Dream scenario
|de Kristoffer Borgli, 2023, ****
À Hollywood, Nicolas Cage est connu pour un truc : il a tendance à tout accepter, à se laisser faire par des scénarios pourris ou des directeurs d’acteurs à côté de leurs pompes, à subir la moitié de sa filmographie. Cependant, tout accepter, c’est aussi accepter des scénarios sublimes et des directeurs d’acteurs qui le pousseront à offrir des prestations inoubliables. Du coup, Nicolas Cage est capable du meilleur comme du pire.
Imaginez maintenant que Nick apparaisse dans vos rêves. Il serait sûrement plutôt passif. Mais s’il devait faire quelque chose, ça pourrait aller du jouissif au terrifiant…
Voici donc l’histoire de Paul Matthews. Il est prof à la fac, aussi charismatique qu’un prof de biologie quinquagénaire. Ses cours ne sont ni passionnants ni ultra-chiants, ses blagues ne sont ni brillantes ni nulles, il n’est ni chevelu ni chauve, ni grand ni petit, ni beau ni moche. Si on cherchait, dans l’immensité des États-Unis, le type le plus ordinaire qu’on puisse imaginer, ça pourrait bien tomber sur lui.
Pourtant, un beau jour, les gens se mettent à le reconnaître dans la rue. Pour une raison inexplicable, ils l’ont tous vu en rêve. Ils étaient en train de fuir un danger, de voler, de revivre une conversation, et soudain Paul était là, passant ou regardant la scène comme si de rien n’était. Il réalise alors que, dans le subconscient des gens qui le connaissent comme de ceux qui ne le connaissent pas, il fait passivement partie du paysage. D’un côté, c’est vexant ; de l’autre, cette célébrité instantanée pourrait être le déclic qui lui manquait pour écrire enfin ce livre qu’il a en tête depuis la fac…

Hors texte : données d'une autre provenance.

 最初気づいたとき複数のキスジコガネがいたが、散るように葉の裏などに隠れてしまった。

À première vue, Dream scenario fait partie de ces comédies foutraques, qui partent d’un point de vue délirant et déroulent le fil en enchaînant aléatoirement gags hilarants, séquences dramatiques et références détournées. Mais il va un peu au-delà : le scénario a en fait un vrai fil rouge, presque invisible dans la première partie (qui mise à fond sur le burlesque pour divertir le spectateur) mais de plus en plus présent au fil du développement. Et il s’agit d’une petite réflexion sociale, évidemment sur la célébrité et ses conséquences, mais aussi sur notre société, la façon dont chaque imprévu amène plein de gens à se demander « Oh, et si on pouvait faire du fric avec ça ? », et aussi notre capacité étonnante à nous convaincre que des gens que nous ne connaissons ni d’Ève ni d’Adam sont des génies, des braves types sympas ou des monstres.

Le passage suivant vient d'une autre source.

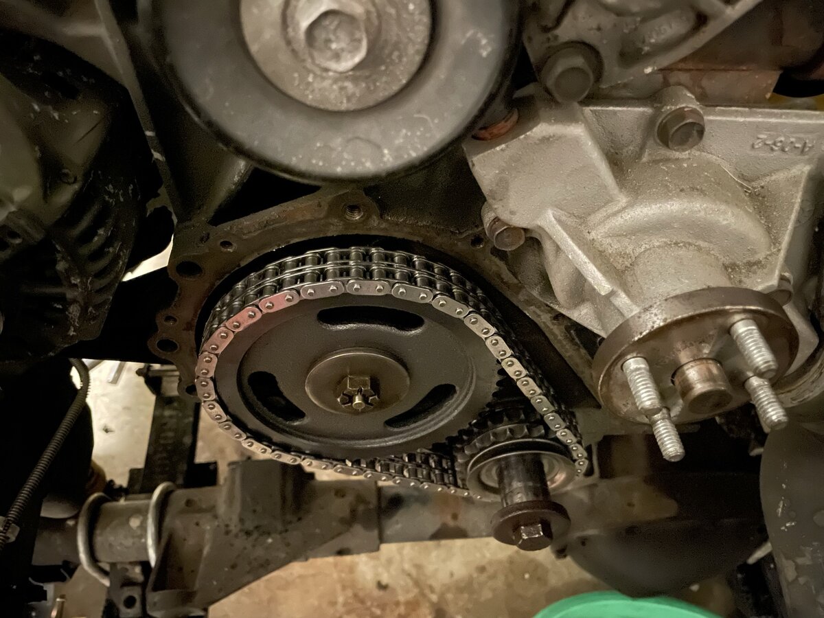 After a few days, I've made some more decent progress! I received all the parts except the harmonic balancer on Wednesday, so I've been doing bit by bit after work since. Wednesday I got the Cloyes double roller chain installed, as well as the new Mopar timing cover. It just so happens that the Mopar timing cover now includes a built in spacer for the AC idler pulley, so I don't even need the 1/4" spacer anymore! The pulley now lines up with the other pulleys on it's own perfectly. I don't have AC but eventually when I add it back, that will be handy.

C’est donc drôle, parfois émouvant, parfois un peu flippant aussi, et souvent plus fin qu’il n’y paraît. En prime, le casting est en très grande forme, l’accent légèrement traînant de Cage allant comme un gant à son personnage un peu déphasé. Les dialogues sont ciselés (y compris les répliques qui doivent tomber à plat pour être efficaces) et parfaitement servis, les tensions, affections et frustrations des personnages ressortent avec naturel, et cette plongée dans un univers absurde en devient étonnamment réaliste.
Évidemment, la réalisation, si elle est soignée, n’a rien de flamboyant, le montage est un peu inégal et certaines transitions manquent de lien. Mais c’est une petite comédie très réussie et plus maline que son synopsis le laisse accroire.